Having ongoing discussions about URL parsing differences as a basis for a #curl security vulnerability report made me check when I wrote my "my URL isn't your URL" blog post.

*Nine years ago*. And we have not made a single move towards a solution in all this time.

daniel.haxx.se/blog/2016/05/11…

#curl
in reply to daniel:// stenberg://

I've said it before. The WHATWG won't fix this because they are happy with a spec that works for them and they don't care about URLs for the rest of the world.

The IETF has given up the topic, partly I think because WHATWG already has stated that they run their own race and making a unified spec that works would be next to impossible.

This entry was edited (1 day ago)
in reply to daniel:// stenberg://

My perception of WHATWG (as a traumatized but recovering browser engineer) is that they aren't / weren't issuing specifications, they are / were issuing documentation (for existing behaviors).

The distinction is important, because, when implementation and specifications disagree, the implementation is wrong; however, when implementation and documentation disagree, the documentation is wrong.

in reply to Jean-Baptiste "JBQ" Quéru

@jbqueru I've been told in discussions with WHATWG people that their specs (they call them specs) are both: documents how browsers work and they say how browsers should work. When I've pointed out discrepancies in the past (browsers that didn't follow their spec), the answer have usually been that it will be fixed in a future browser release and that the spec is right.
in reply to daniel:// stenberg://

Taking a stab in the dark with some EBNF:

url ::= protocol '://' [ name [ ':' name ] '@' ] [ server ] [ '/' [ path ] [ '?' arg { '&' arg } ] ]
protocol ::= name
server ::= name { '.' name }
path ::= name { '/' name }
arg ::= name [ '=' name ]

name = ([^:/@?&=.%]|%[0-9a-f][0-9a-f])+

I understand that whatwg makes that :// not a required part ... but this kinda matches what my naive brain thinks of as a URL and how to read it.

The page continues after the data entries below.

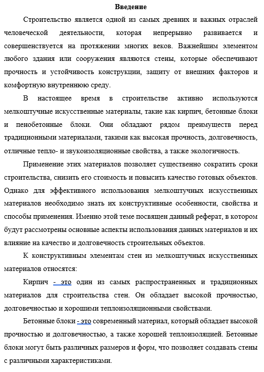 Реферат: Конструктивные элементы стен из мелкоштучных искусственных материалов вариант 15
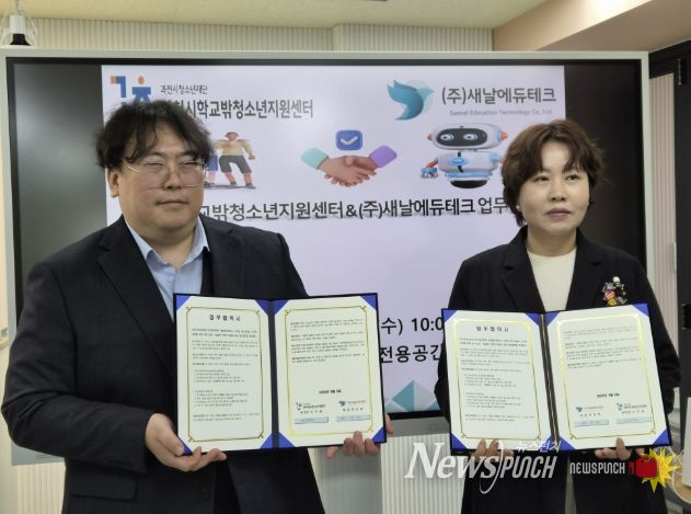 뉴스펀치 박상훈 기자 | 과천시청소년재단 학교밖청소년지원센터 ‘과천꿈드림’은 4월 8일 두 번째 샛뜨락에서 ㈜새날에듀테크와 학교밖청소년 대상 ‘인공지능(AI) 로봇교육 협력을 위한 업무협약’을 체결했다고 밝혔다.
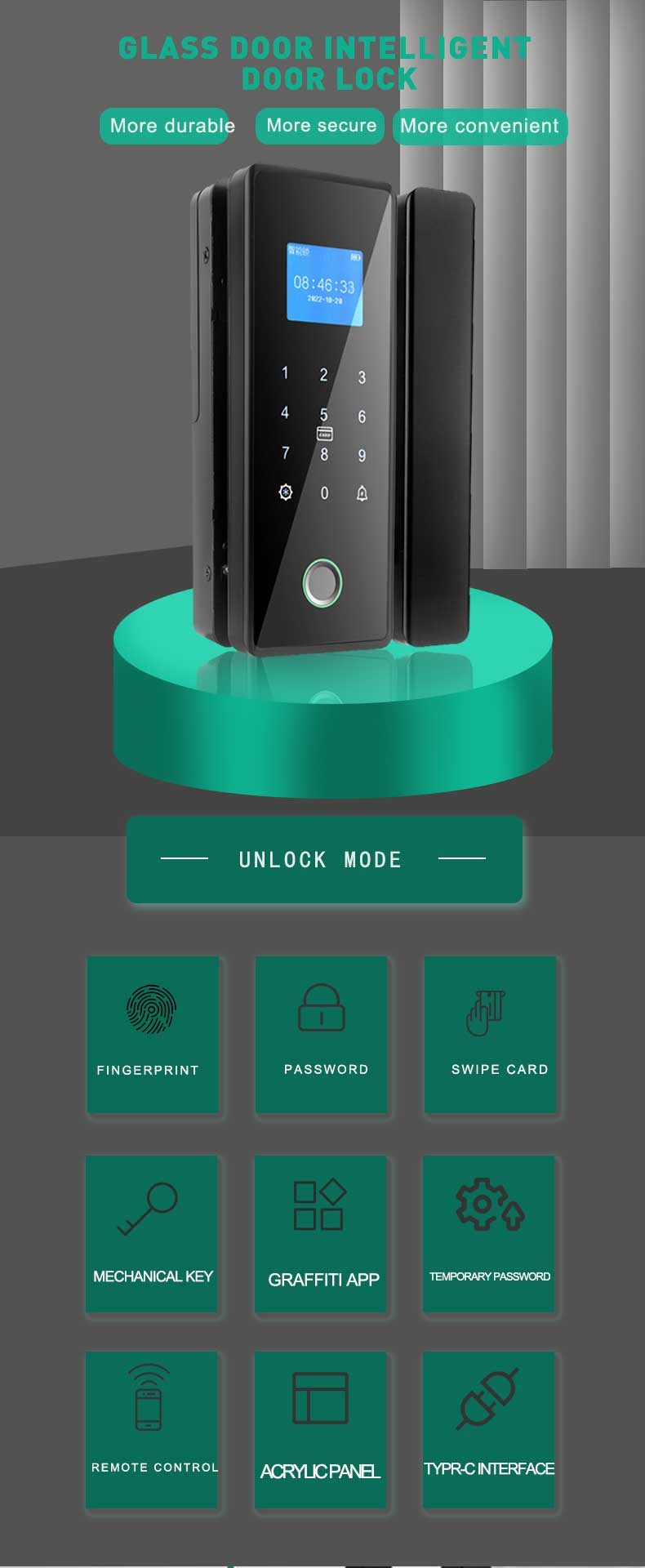Unlock method Fingerprint,password,swipe card,mechanical key,graffiti app(optional),temporary
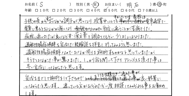 S様 / 女性 / 明石市 / 50代
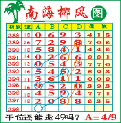 “南海椰风”第1398期推荐版局规律,本期千位49走三步.
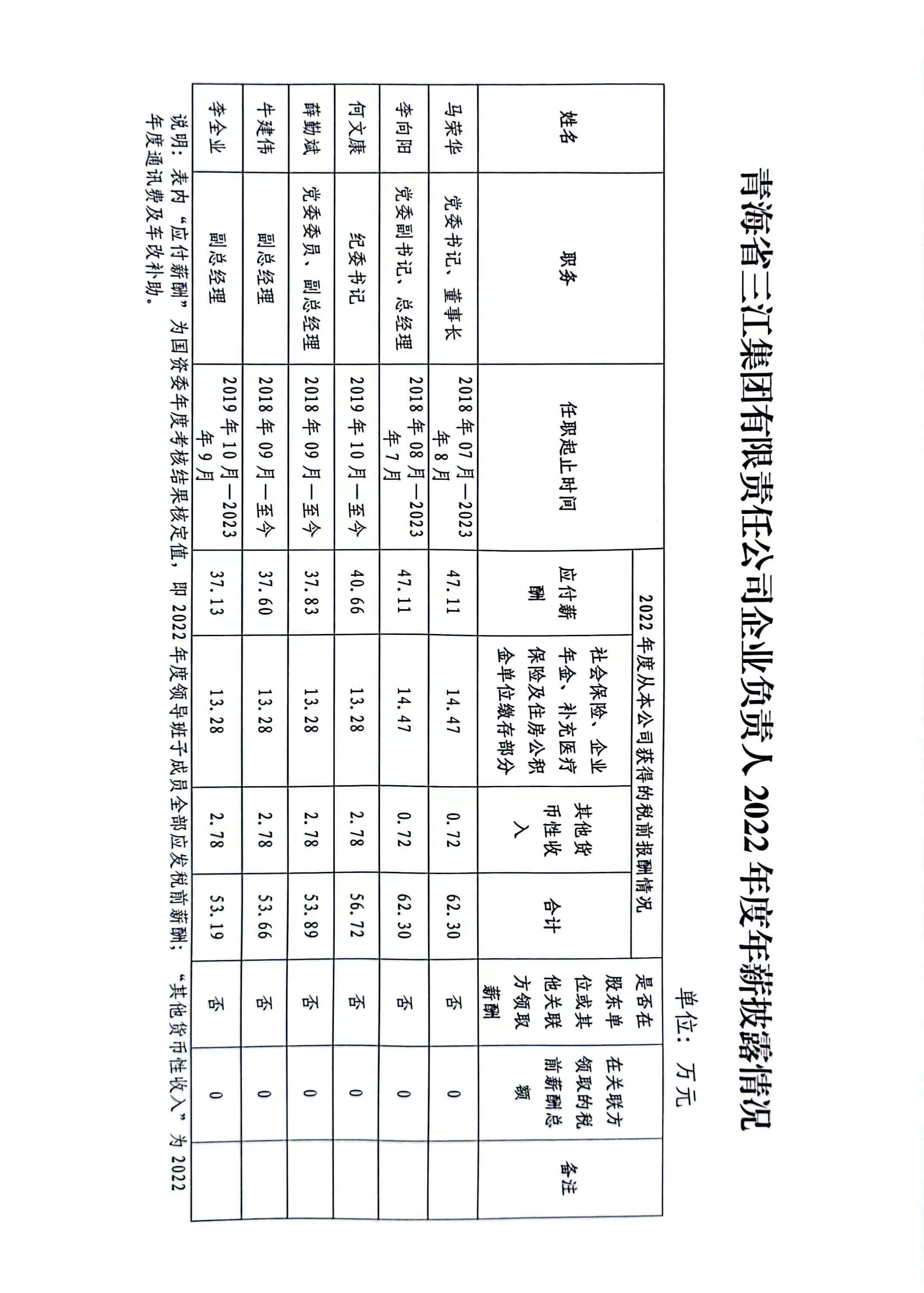 青海省三江集團有限責任公司企業負責人2022年度年薪披露情況

This entry was edited (1 day ago)
in reply to Peter Bindels

@dascandy @suzannealdrich @jbqueru add port numbers, IP addresses (v4, v6, zone id?), add options? How about IDN?

I see you used two slashes, but URIs actually don't have that. Many have no slashes at all.

But sure, everything *could* be written down in a spec. Getting the world to agree with that spec though: not so easy.

in reply to Peter Bindels

@dascandy @suzannealdrich @jbqueru I'm sorry but already while I worked at Mozilla and Firefox my colleagues were in team WHATWG and I'm pretty sure they still are.

And doing a standard for URLs without having the super powers involved and interested is obviously not going to make a successful spec

in reply to Henri Sivonen

@hsivonen @jimfuller the few times I tried to talk to whatwg I ended up against a wall (understandably so because all supporters are there and no so many doubters like myself) so I gave up. I agree and understand that's not providing technical details, but I have never felt even an inch of willingness to actually discuss the details.

The '@' in the userinfo is probably a specific detail WHATWG changed from RFC3986.

in reply to Henri Sivonen

@hsivonen @jimfuller I'm also concerned about making a parser for (almost) general URLs like curl's as lenient as the WHATWG spec is, as then we would accept countless URLs that today would just be rejected. Primarily non-http(s):// ones I mean, even if we presume that people in general are fine with the WHATWG anything-goes style for http(s).